ZIP file contents can optionally be filtered by file name extension, if an extension filter is not provided all ZIP file contents will be extracted.

Thread count and queue size are parameters than can be tuned at deployment time but the assumption here is that the ZIP file to be processed contains many small files not several huge files.

If you have large ZIP files containing large files, you may need to reduce the queue length and increase the memory available to the function.

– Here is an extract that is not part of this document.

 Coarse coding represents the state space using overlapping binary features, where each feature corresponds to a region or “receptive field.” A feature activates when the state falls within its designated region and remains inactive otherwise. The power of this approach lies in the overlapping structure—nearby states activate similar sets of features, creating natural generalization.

The input file name minus the extension is appended to OutputKeyPrefix parameter to determine the prefix for output files in the S3 bucket provided in OutputBucket.

Getting Started

The system uses Apache Maven and is easily configured in IntelliJ by importing the Maven pom.xml as a new project.

Building

Build either from within IntelliJ or use Maven:

mvn package

Tunable Parameters

There are several tunable parameters most with sane defaults (all parameter names are suffixed with 'Parameter')

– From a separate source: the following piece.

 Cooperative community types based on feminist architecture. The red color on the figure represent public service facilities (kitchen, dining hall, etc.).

Parameter Default Validation Description
InputBucket None Required The input S3 bucket to listen for ZIP file object creation and process.
InputKeyPrefix "input/" Required The input S3 key prefix to listen for ZIP file creation under.
OutputBucket None Required The output S3 bucket to write expanded ZIP file contents into.
OutputKeyPrefix "output/" Required A prefix key to use to write extracted ZIP file contents into.
ThreadCount 10 [1 - 20] The umber of worker threads to use to process the ZIP file entry queue and write to S3.
QueueLength 20 [1-40] The length of the blocking queue to hold ZIP file entries before flushing to S3.
FileExtensions "xml" Optional Comma separated list of file extensions. If provided, ZIP file contents will be filtered using these case insensitive extensions. If not provided all files are extracted.

Installing

Use the AWS CLI to prepare your AWS SAM template (note do not provide a trailing slash for s3-prefix). You will need a bucket in the deployment region to land the deployment assets:

aws cloudformation package \
    --template-file zipstreamlambda.yaml \
    --output-template-file zipstreamlambda-output.yaml \
    --s3-bucket <s3 bucket> \
    --s3-prefix <s3 key prefix> \
    --profile <profile name> \
    --force-upload

For example:

aws cloudformation package \
    --template-file zipstreamlambda.yaml \
    --output-template-file zipstreamlambda-output.yaml \
    --s3-bucket aws-extractor-ap-southeast-2 \
    --s3-prefix apps/zipstreamlambda/deploy \
    --profile <profile name> \
    --force-upload

The deploy your packaged AWS CloudFormation stack with:

aws cloudformation deploy \
    --template-file zipstreamlambda-output.yaml \
    --profile <profile name> \
    --capabilities CAPABILITY_NAMED_IAM \
    --region <aws region> \
    --stack-name <stack name> \
    --parameter-overrides \
    	InputBucketParameter=<input bucket name> \
    	OutputBucketParameter=<output bucket name>

For example:

aws cloudformation deploy \
    --template-file zipstreamlambda-output.yaml \
    --profile <profile name> \
    --capabilities CAPABILITY_NAMED_IAM \
    --region ap-southeast-2 \
    --stack-name zipstreamlambda \
    --parameter-overrides \
    	InputBucketParameter=aws-zipstreamlambda-input \
    	OutputBucketParameter=aws-zipstreamlambda-output

Note: this needs --capabilities CAPABILITY_NAMED_IAM as it creates a role for AWS Lambda.

Uninstalling

Using the AWS Console, identify and delete the deployed AWS CloudFormation stack.

Or using the AWS CLI:

aws cloudformation delete-stack \
    --stack-name <stack name> \
    --profile <profile name> \
    --region <aws region>

For example:

aws cloudformation delete-stack \
    --stack-name zipstreamlambda \
    --profile <profile name> \
    --region ap-southeast-2

Additionally remove deployed code bundles from S3.

Authors

Josh Passenger AWS Solutions Architect - [email protected]

License

This project is licensed under the Apache 2 License - see the LICENSE.txt file for details

Warranty

No warranty is provided or implied with this software, it is provided as a Proof of Concept (POC) example and will require additional error checking code and testing.